Jump to content

Code Optimization


Recommended Posts

Hi gurus,

I am trying to optimize a real-time data processing application. I believe that a big chunk of my time is associated with moving large arrays into and out of subvis, rather than actual calculation time. The nature of the processing does not lend itself well to parallelization, and 3rd-party driver considerations prevent us from using LVRT.

Here's my question. Are there advantages (i.e. regarding inplaceness, etc.) to keeping vi's that share data in the same execution thread? Or conversely, are there penalties for spreading large memory blocks among various execution threads?

Thanks,

Gary

Link to comment

QUOTE(Gary Rubin @ Jul 17 2007, 12:18 PM)

Hi gurus,

I am trying to optimize a real-time data processing application.

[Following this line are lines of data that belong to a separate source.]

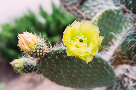 Cactus flower blooming in the botanical garden of Gran Canaria
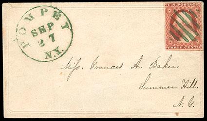 1851, 3¢ orange brown, type II. Position 48L5E, large margins to barely touched at top, deep rich color and early detailed impression, cancelled by deep green 6-bar square grid, postmarked matching Pompey N. Y. cds on lady's embossed cover to Summer Hill N. Y., Very Fine, a beautiful 1851 Type II 3¢ Orange Brown with green cancel. Scott No. 10A; Estimate $200 - 300. US$200-300 (Image)
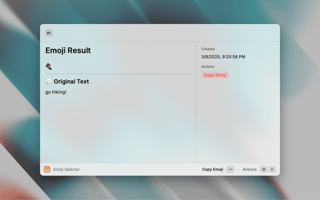 A Raycast extension that intelligently adds relevant emojis to your text to make it more expressive and engaging! ✨
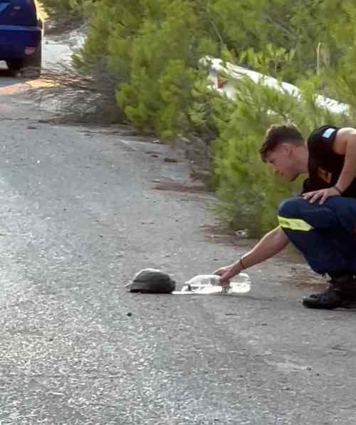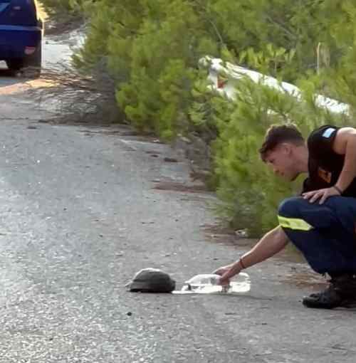 Οι όμορφοι άνθρωποι, όμορφα φέρονται… αυτό απέδειξαν οι πυροσβέστες που επιχείρησαν στην φωτιά Λουτρακίου και συγκεκριμένα στον οικισμό του Αγίου Χαράλαμπου, οι οποίοι παρά την κούραση και την εξάντλησή τους έπειτα από μία δύσκολη νύχτα μέσα στις φλόγες, όταν ξημερώματα πια… είδαν μία χελώνα να κινείται στην καυτή άσφαλτο, έσπευσαν να την δροσίσουν.
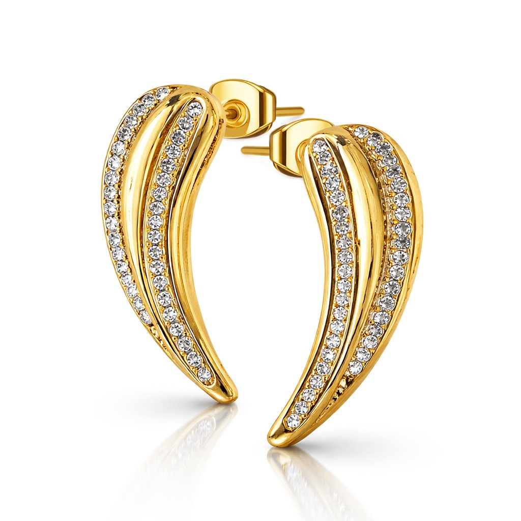 Kombinace chirurgické oceli ve zlatém tónu a třpytivých zirkonů vytváří dojem luxusu, který je vidět na první pohled. Díky délce ± 3 cm náušnice krásně orámují obličej a opticky ho prodlouží, aniž by působily těžce nebo nepohodlně. Zapínání na puzetu zajišťuje stabilitu a komfort i při celodenním nošení.
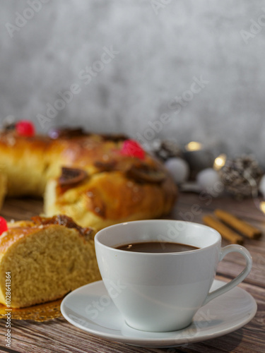 Cup of hot chocolate with a piece of Roscón de Reyes typical of Christmas
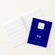 A navy blue background, white text. Personalise and add your logo, monogram initials, name and a title. Your logo both on the front and the back. Space for your website address on the back.

I believe that a big chunk of my time is associated with moving large arrays into and out of subvis, rather than actual calculation time. The nature of the processing does not lend itself well to parallelization, and 3rd-party driver considerations prevent us from using LVRT.

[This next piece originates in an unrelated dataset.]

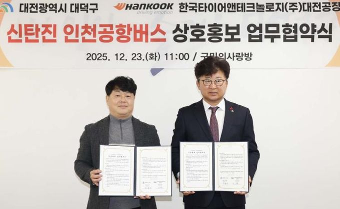대덕구는 23일 한국타이어앤테크놀로지㈜ 대전공장과 인천공항버스 이용 활성화를 위한 업무협약(MOU)을 체결했다고 밝혔다.
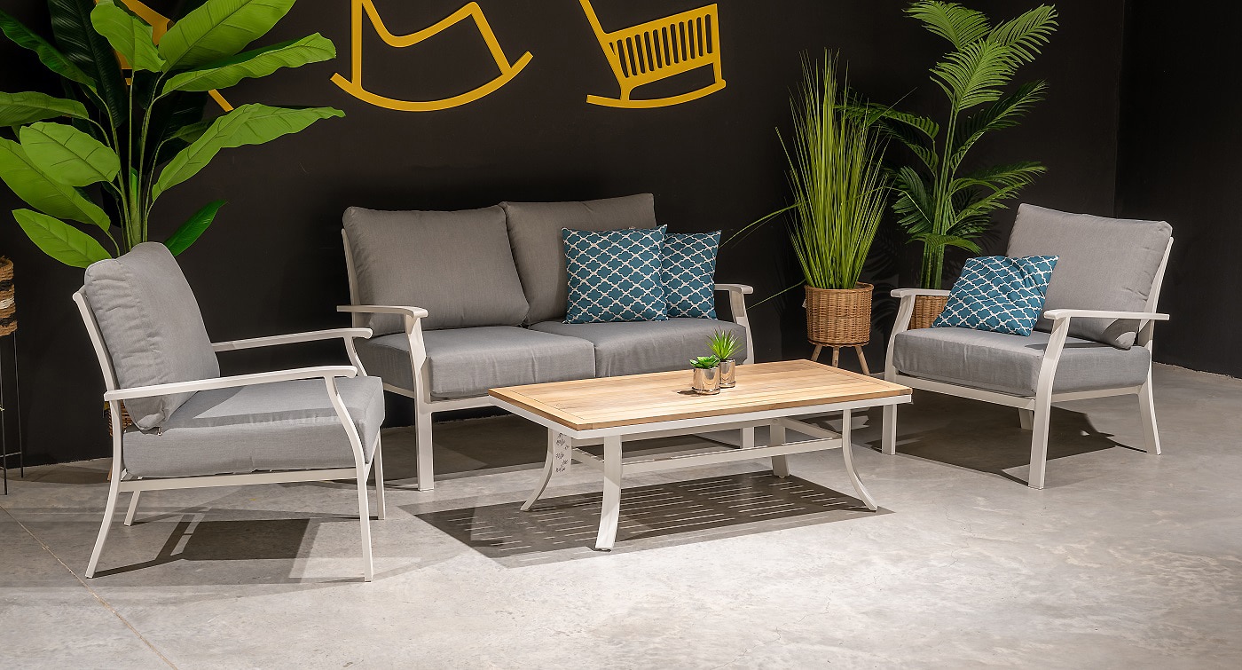 הסט בנוי מאלומיניום “אל חלד” בשילוב משטח עץ עליון לשולחן.

Here's my question. Are there advantages (i.e. regarding inplaceness, etc.) to keeping vi's that share data in the same execution thread? Or conversely, are there penalties for spreading large memory blocks among various execution threads?

Thanks,

Gary

HI Gary,

I'll take a first stab at this and let others correct me if I get this wrong.

The execution threads are all about the process the OS caries out to decide "what value do I set the program counter to next?"

It has nothing to do with if data gets copied or buffers get re-used.

Rather than repeat what I suspect you already know, I'll end here.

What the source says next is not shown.